Nice! Congratulations:yay2:


----------



## ccdoggy (Jan 15, 2007)

Thank you so very much! This will finally make my system complete (for the next few months at least). 

I just want to give a big shout out to everyone in the community for helping and being supportive of all the many projects and questions. The elite few that run this place do an excellent job and could not be better people.
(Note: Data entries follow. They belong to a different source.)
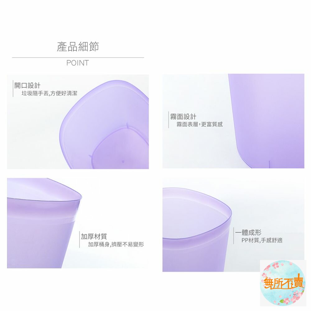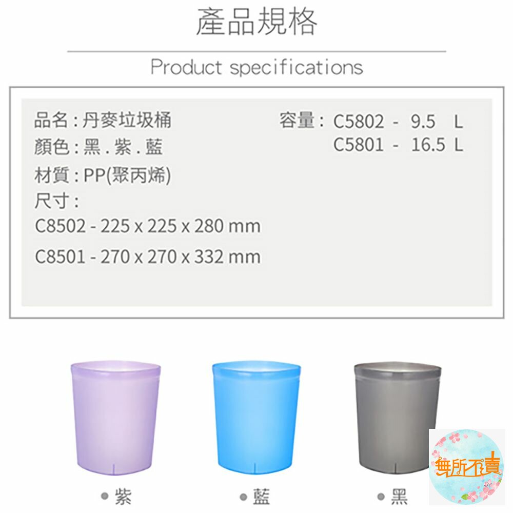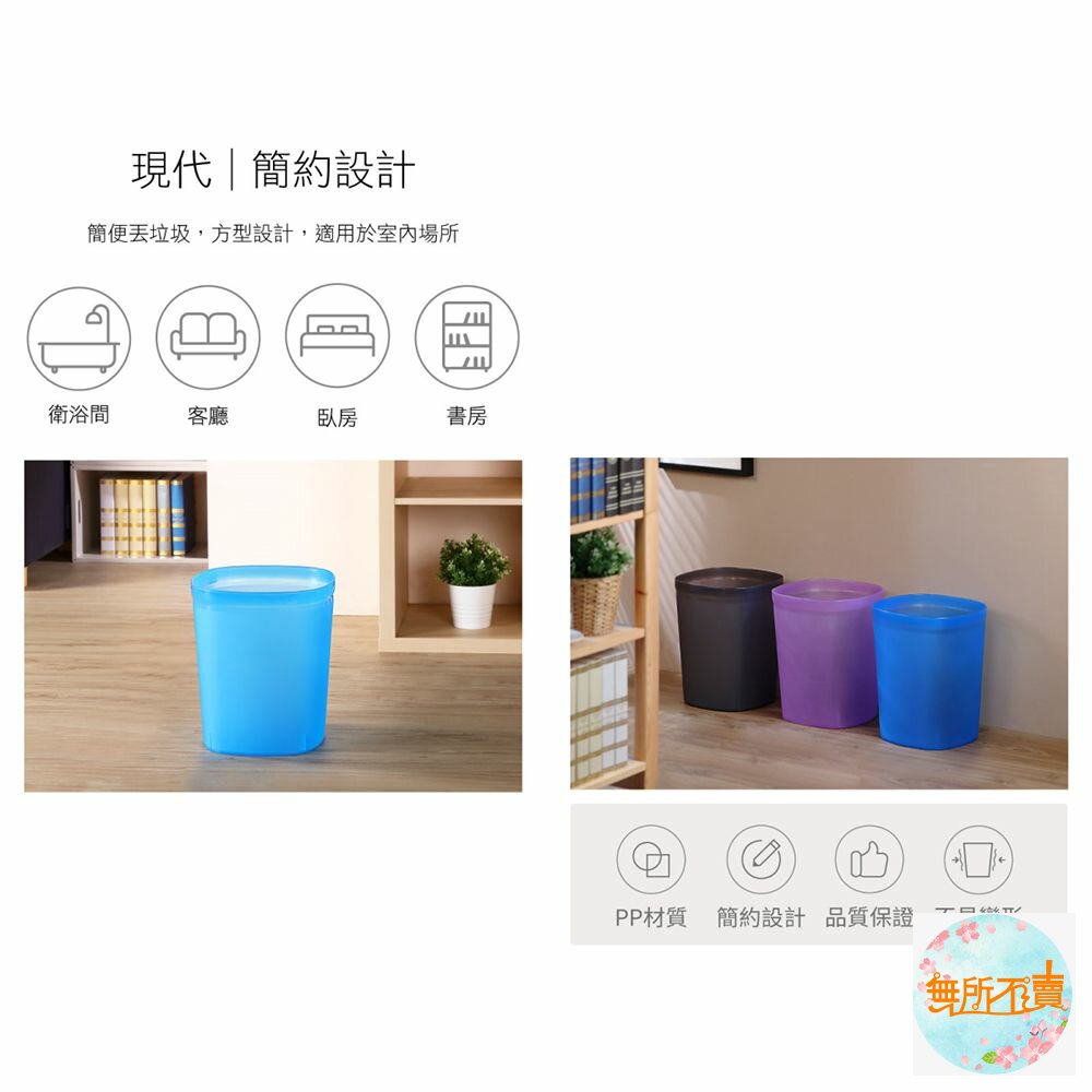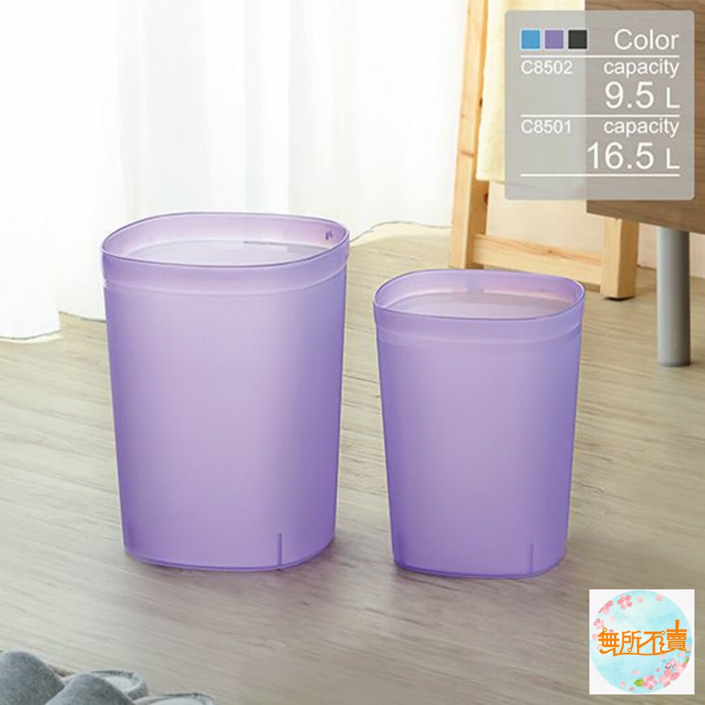 C8502中丹麥垃圾桶(方型) 產品編號:C8502 尺寸:225x225x280mm 容量:9.5 Liters 產品特色 簡便丟垃圾,方型設計,霧面表層,更富質感,有兩種尺寸之產品,可供選擇;自由水藍、低調黑、優雅紫,任君挑選。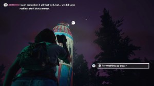 レンガを手に入れたら、ロケットに戻り、Swann's Handycamを使用してキーに光を当てます。秋がステップアップして、鍵にレンガを投げようとします。彼女はそれらをノックダウンしようと3回試みます。彼女が失敗した場合、キャットは引き継ぎます。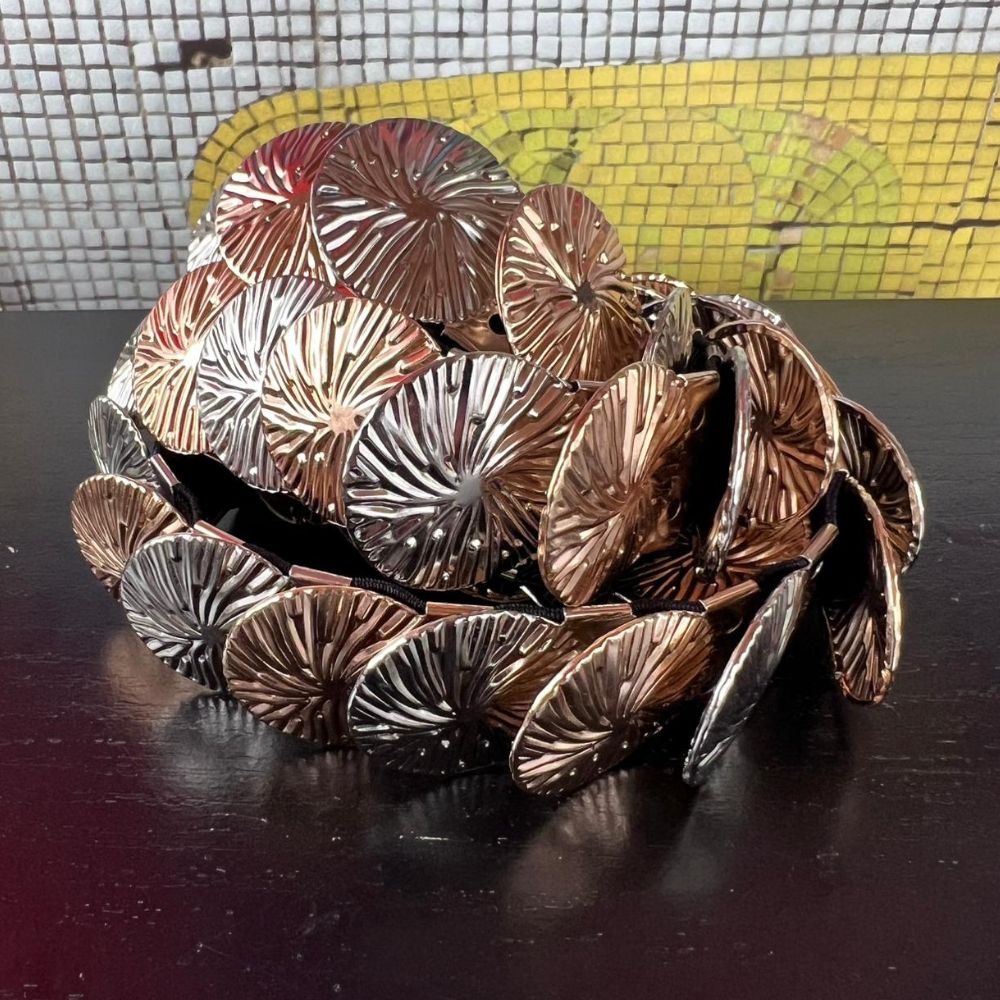 Detalhes: Cinto com base de elástico Medalhas prateadas e douradas texturizadas em sequência Fecho do tipo encaixe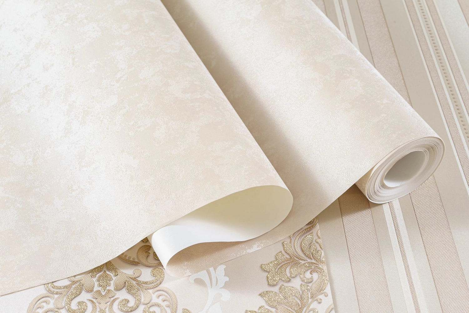 Комбинирование дамаска с однотоном, имитирующем поверхность штукатурки с налетом сатинового блеска, дает возможность для создания классических и исторических интерьеров, а также интерьеров,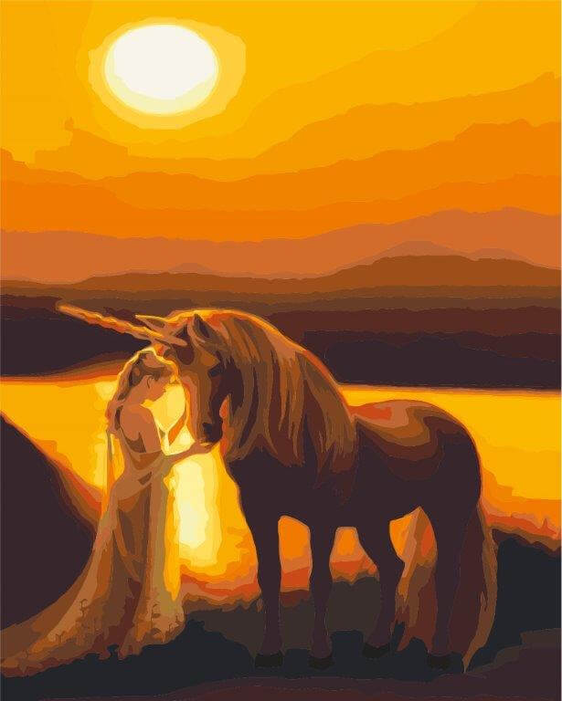 Набор для рисования картины по номерам Дева и единорог, арт. KHO4020, 40х50см. ***НАЛИЧИЕ УТОЧНЯЙТЕ***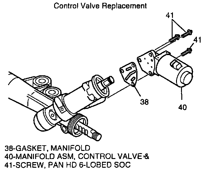 2. Control valve (40) and manifold gasket (38) from rack & pin ion gear assembly (30).

I am sooooo excited to get it and play around with it. i will have to make a post about it and how it works out. I cant wait!


----------



## tonyvdb (Sep 5, 2007)

Congratulations Steve, Enjoy your new AS-EQ1:clap:


----------



## nova (Apr 30, 2006)

Good deal,.. congrats:dancebanana:arty::dancebanana:


----------



## Jon Liu (May 21, 2007)

Congratulations on the win! Very cool stuff indeed!


----------



## Mike P. (Apr 6, 2007)

Congratulations! Enjoy the new "toy"!


----------



## tcarcio (Jun 27, 2007)

Congrats man, Let us know how you like it......:T


----------



## Owen Bartley (Oct 18, 2006)

Congrats Steve! And you're right you'd better post about it!


----------



## waldo563 (Apr 26, 2009)

Congratulations...enjoy and post your impressions.


----------



## ccdoggy (Jan 15, 2007)

There seems to be a little hickup and so i wont be getting it for a while, but I will post some impressions of it and how it goes.


----------



## chas (Jan 28, 2007)

Congrats...hope you get it soon.


----------



## wynshadwm (Sep 15, 2009)

in my neck of the woods.. the older folks' has a saying! that every dog has his day, Welllllll Steve this is your day...congrats :unbelievable::daydream: lots of rumbles in your space when it arrives soon i hope!!!


----------



## Andysu (May 8, 2008)

I wasn’t sure what this but I do now after having quick read on the site. Nice gift give away should sort things out pretty quick.


----------



## nsnotes (Oct 16, 2009)

Great one! ccdoggy, congratulations, I am sure you will enjoy your prize!!!  nsnotes


----------



## Lordoftherings (Feb 8, 2009)

This is great Steve! Happy accurate Woofing. :T


----------



## bbieger (Sep 15, 2009)

nice!!

I would love to hear what you think of it when you get it all up and running.


----------



## KASR (Jun 9, 2009)

We demand pics of when you get it set up! Congrats!


----------